WHAT YOU ARE ASKED TO DO: From the listing below, give again exactly the lines from the line with "子ども達も先生もクリスマスの" to the line with "few candidates. |", ends included, without any pictures.
── DATASET EXTRACT
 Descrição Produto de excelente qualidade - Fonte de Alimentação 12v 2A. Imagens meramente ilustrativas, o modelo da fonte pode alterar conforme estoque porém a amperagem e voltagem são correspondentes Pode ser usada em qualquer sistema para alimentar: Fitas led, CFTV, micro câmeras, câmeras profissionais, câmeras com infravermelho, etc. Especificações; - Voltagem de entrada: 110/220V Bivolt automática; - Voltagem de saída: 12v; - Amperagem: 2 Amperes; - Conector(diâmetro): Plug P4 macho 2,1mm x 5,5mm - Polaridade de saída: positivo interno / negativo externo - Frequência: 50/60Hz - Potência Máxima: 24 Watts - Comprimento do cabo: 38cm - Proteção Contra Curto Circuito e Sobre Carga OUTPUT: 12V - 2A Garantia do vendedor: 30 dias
────
── DATASET EXTRACT
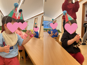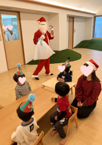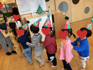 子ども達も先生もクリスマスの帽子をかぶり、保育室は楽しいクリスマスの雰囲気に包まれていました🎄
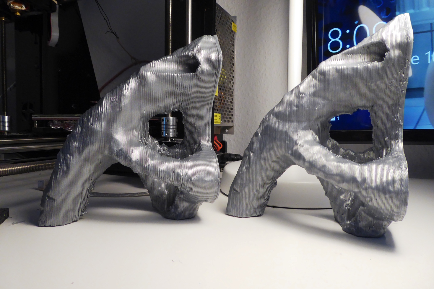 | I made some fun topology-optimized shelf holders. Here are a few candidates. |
────
── DATASET EXTRACT
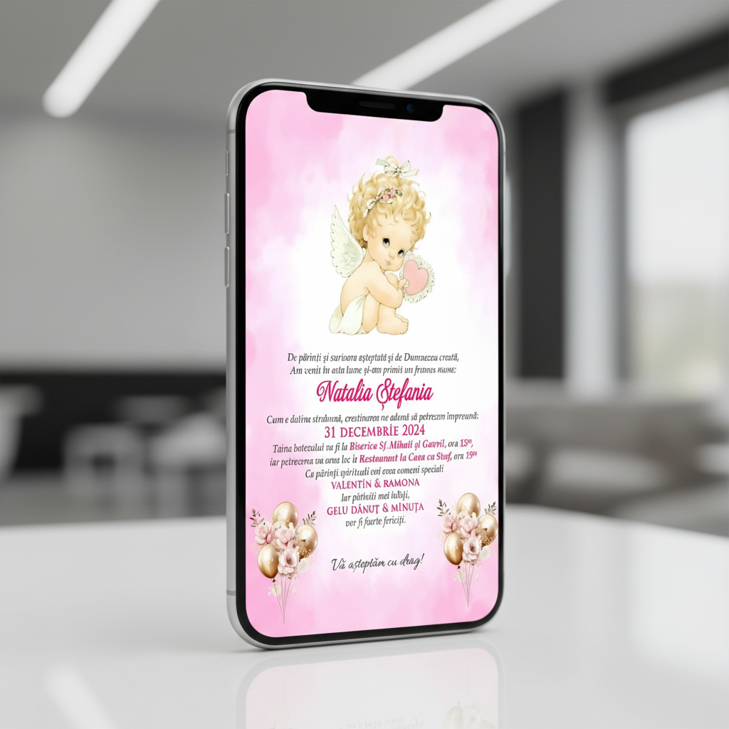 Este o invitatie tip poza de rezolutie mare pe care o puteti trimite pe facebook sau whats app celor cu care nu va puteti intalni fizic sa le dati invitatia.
────
EXERCISE RESULT:
 子ども達も先生もクリスマスの帽子をかぶり、保育室は楽しいクリスマスの雰囲気に包まれていました🎄
 | I made some fun topology-optimized shelf holders. Here are a few candidates. |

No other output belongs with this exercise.